Polycystic ovarian syndrome (PCOS) is the most common endocrinopathy in the reproductive phase of women, with a prevalence ranging from 2.2% to 26%. In addition to hormonal and reproductive changes, it is common in PCOS to have risk factors for cardiovascular disease. Coenzyme Q10 is a benzoquinone used in glucose and lipid metabolism, being deficient in cases of Metabolic Syndrome when untreated and in most endocrine pathologies. In addition, coenzyme Q10 plays an important role in eliminating free radicals and in inhibiting lipid and protein oxidation, with a powerful antioxidant action. The search included the databases PubMed, Lilacs and SciELO, independent of language and publication date until 2014 September, besides reviewing the references that included studies randomized controlled. Out of the 6 eligible articles, 3 were included in the studies were published between 1934 and 2018. In total, 253 subjects participated in the included studies, with variability of 10 days to 12 months. From 3 studies 2 evaluated the effect of coenzyme q10 supplementation on glucose metabolism, lipid metabolism and expression of metabolic and inflammatory markers, and the other study on ovulation induction. After 12 weeks two studies evaluated the effect of supplementation on metabolic markers and beneficial effects on glucose metabolism, total cholesterol and LDL and a significant improvement in the expression of biochemical and inflammatory markers were observed, and the other study improved ovulation in these women. The results indicate that supplementation with coenzyme q10 in women with polycystic ovary syndrome is an excellent alternative to improve their metabolism.

Key words

coenzyme q10, polycistic syndrome, metabolism

Introduction

Polycystic Ovarian Syndrome (PCOS) is an endocrine, metabolic, reproductive and heterogeneous disorder, very common in young women, it is of unknown etiology and high phenotype variation, first described in the medical literature by Stein and Leventhal in 1935, when it was reported the relation among polycystic ovaries, amenorrhea, hirsutism and obesity [1-4]. Currently, it is believed that the appearance of PCOS is associated with factors of genetic origin, being characterized as an oligogenic disorder [5,6]. Genes involved in the insulin signaling pathway and / or biosynthesis and regulation of androgens, as well as the participation of various environmental factors, such as diet and lifestyle. However, as these interactions happen resulting in the pathological picture of the syndrome, they are still not fully clarified [7,8].

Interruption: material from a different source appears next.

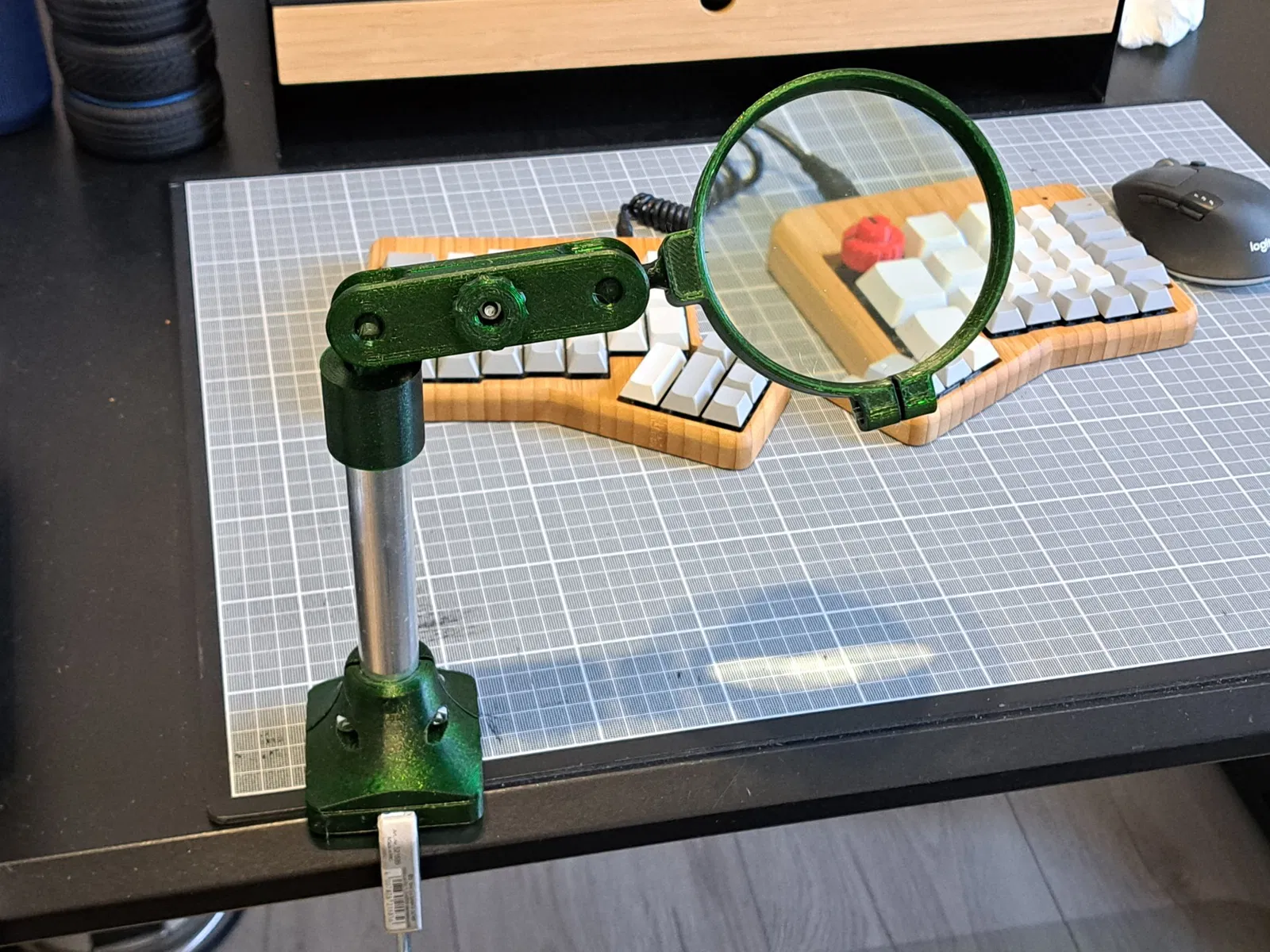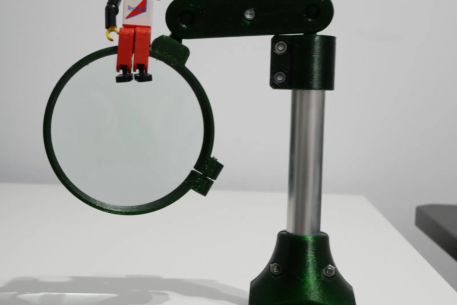 Mô hình này là phụ kiện đầu tiên cho hệ thống “BJ2010” mà tôi vừa mới phát hành. Nó cho phép gắn một ống kính phóng đại vào một tay nối bóng, cho phép bạn định vị chính xác ống kính ở nơi bạn cần. Nếu bạn muốn tái tạo toàn bộ lắp ráp, bạn cũng sẽ cần các mô hình sau: - Tay nối bóng BJ2010 - Giá đỡ ống BJ2010 - Kẹp bàn ống Ngoài ra, bạn sẽ cần - một ống dài 20 mm với chiều dài mong muốn - một vài vít và bu lông M4 - 8 x 20 mm bu lông và đai ốc m4 (đối với một số bộ phận, những cái ngắn hơn sẽ hoạt động tốt hơn nhưng 20 mm nên hoạt động cho tất cả chúng) - một ống kính phóng đại (tôi đã sử dụng một ống kính có đường kính 90 mm với độ dày 3 mm ở các cạnh) - một kẹp điều chỉnh Tôi cũng cung cấp các tệp FreeCAD cho tất cả các thành phần cần thiết trong trường hợp bạn cần tùy chỉnh các bộ phận cho các ống kính, kẹp hoặc ống có kích thước khác nhau.

In 1990 the National Institute of Health Conference was held, which sought the first standardization of the diagnostic criteria for this syndrome. Updated in 2004 by the publication of the Rotterdam Consensus by the European Society of Human Reproduction and Embryology / American Society of Reproductive Medicine (ESHRE/ASRM) and by the Androgen Excess and PCOS Society (AES-PCOS) guidelines in 2006, it was suggested that the definition of PCOS should include at least two of the following three criteria: (a) oligo and / or anovulation, (b) clinical signs and / or biochemical hyperandrogenism and (c) polycystic ovaries on ultrasonography and exclusion of diseases related to endocrine disorders [9-11].

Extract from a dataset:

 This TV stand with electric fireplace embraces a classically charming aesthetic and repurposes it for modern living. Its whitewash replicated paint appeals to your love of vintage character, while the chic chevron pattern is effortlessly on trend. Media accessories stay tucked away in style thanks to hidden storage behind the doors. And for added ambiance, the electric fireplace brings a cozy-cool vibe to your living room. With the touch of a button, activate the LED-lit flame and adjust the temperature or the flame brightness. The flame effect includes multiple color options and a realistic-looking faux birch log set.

The main clinical manifestations of PCOS are mainly explained by hyperandrogenism, a term used to describe the clinical and / or biochemical signs resulting from the increase in the biological action of androgens in the body. It may also be associated with insulin resistance (IR) with compensatory hyperinsulinemia, elevated glucose levels, hypercholesterolemia, hypertension, obesity and metabolic syndrome. Women with PCOS are at increased risk of developing type 2 diabetes mellitus (DM2) and cardiovascular disease (CVD) [12-15]. The hirsutism, characterized by the increase in the amount of masculinized hair, together with the appearance of acne, seborrhea and alopecia form the most obvious phenotypic characteristics of PCOS [16,17]. Considering the factors related to PCOS such as hyperinsulinemia, glucose intolerance and insulin resistance, the latter being the cause of hyperglycemia, which in turn promotes the auto-oxidation of glucose forming the final products of advanced glycation (AGE) and forming also, reactive oxygen species (ROS). According to studies the ingestion of CoQ10 may improve insulin function through modulation of insulin receptors and adiponectin [18].

Coenzyme Q10, also known as Ubiquinone, is a benzoquinone liposoluble that has particular relevance in eukaryotes because it plays an important role in the elimination of free radicals and in the inhibition of lipid and protein oxidation. This compound protects more than any other lipid soluble antioxidant, such as lycopene, β-carotene and α-tocopherol [19-21]. CoQ10 is synthesized intracellularly from 4-hydroxybenzoic acid (in turn derived from L-tyrosine), the isoprenoid chain part being obtained through acetylCoA, originating from the mevalonic acid pathway. It is a molecule that is present in the internal mitochondrial membrane, however, it is also present in smaller quantities in the membrane of several other organelles, such as peroxisomes, endoplasmic reticulum or lysosomes [22]. The amount of CoQ10 in the body increases until the age of 20 years and then it decreases throughout life [23]. But its deficiency can be caused by insufficient feeding, impairment in biosynthesis, excessive use by the body, or any combination of the three [24].

The effects of CoQ10 supplementation in women with PCOS are being studied and have shown beneficial results on the markers of insulin metabolism through modulation of insulin and adiponectin receptors as well as an improvement in glycemic control and promoting an increase in triglyceride lipolysis. These mechanisms may suggest the importance of CoQ10 administration in glucose metabolism and lipid profile in women with PCOS [25-28].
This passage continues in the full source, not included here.